The paper introduces a quantity called layer contribution. In simple terms, it measures how much of the improvement from full RL training you can recover by training one layer in isolation. Instead of asking, “Did the whole model get better?”, the authors ask, “Which layer is actually doing the heavy lifting?”

They test this idea across seven models from two model families, Qwen3 and Qwen2.5. They also cover three RL algorithms: GRPO, GiGPO, and Dr. GRPO. The task mix includes mathematical reasoning, code generation, and agentic decision-making, so this is not a single-task curiosity.

The method is straightforward but revealing: train layers separately, compare each layer’s isolated gain to the full RL gain, and rank layers by how much they contribute. The paper then checks whether those rankings stay stable across datasets, tasks, model families, and RL algorithms.

What the paper actually shows

The main finding is surprising in its simplicity: training a single transformer layer can recover most of the gains from full-parameter RL training, and in some cases even surpass it. The paper does not give benchmark numbers in the abstract, so it is not possible to quote exact scores here. But the qualitative claim is strong: RL gains are highly concentrated.

One Transformer Layer Can Carry RL Gains

That concentration does not look random. The authors report a stable structural pattern in which high-contribution layers tend to sit in the middle of the transformer stack, while layers near the input and output ends contribute much less. In other words, the model’s RL adaptation appears to cluster around the middle rather than being evenly distributed from bottom to top.

They also say the resulting layer rankings remain strongly correlated across datasets, tasks, model families, and RL algorithms. That is important because it suggests the pattern is not just an artifact of one benchmark or one training recipe. The same broad structure shows up repeatedly across the experiments they ran.

Why developers should care

If this result holds up beyond the paper’s setup, it could reshape how teams think about RL post-training. A smaller trainable subset could mean lower compute cost, simpler experimentation, and faster iteration when tuning models for reasoning, coding, or agentic behavior.

It also gives practitioners a new diagnostic lens. Instead of treating the transformer as a black box, you can ask which layers are responsible for a given RL improvement. That could help with debugging training instability, comparing algorithms, or designing more targeted adaptation methods.

There is also a software-engineering angle. If only a subset of layers matters, then selective fine-tuning, parameter-efficient training, or layer-specific scheduling may be worth exploring more aggressively. The paper does not claim those methods are solved here, but it gives a concrete signal that the usual “update everything” default may be overkill in some RL settings.

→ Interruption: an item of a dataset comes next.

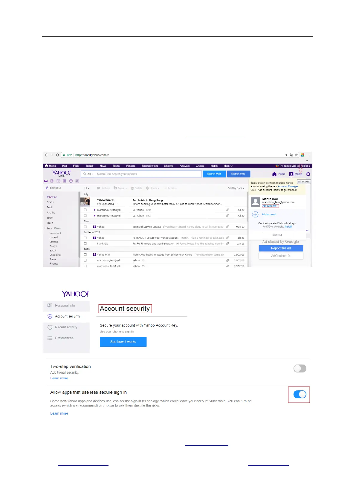 access it, take the Gmail and Yahoo as an example, you need to allow the third-part app to access

What this paper does not prove

The abstract is clear about the broad pattern, but it does not provide benchmark tables, exact recovery percentages, or compute savings. So while the qualitative result is compelling, the magnitude of the effect is not quantified in the source text available here.

It is also worth being careful about scope. The study covers seven models, two Qwen families, three RL algorithms, and several task domains, which is a solid spread, but it is still a specific slice of the LLM ecosystem. The paper shows a stable pattern within that slice; it does not claim that every transformer, every training recipe, or every downstream use case will behave the same way.

Still, the engineering takeaway is hard to ignore: RL gains may be much more localized inside the network than most training pipelines assume. If you are building or optimizing post-training workflows, that is exactly the kind of result worth testing in your own stack.

Bottom line

This paper argues that RL adaptation in transformers is concentrated in a small number of layers, often just one, with the middle of the stack doing most of the work. For anyone shipping or tuning LLMs, that is a strong hint that full-parameter RL may not always be necessary to get useful post-training gains.

  • RL gains are not spread evenly across transformer layers.
  • Middle layers tend to carry the strongest contribution.
  • The paper suggests a path toward cheaper, more targeted RL post-training.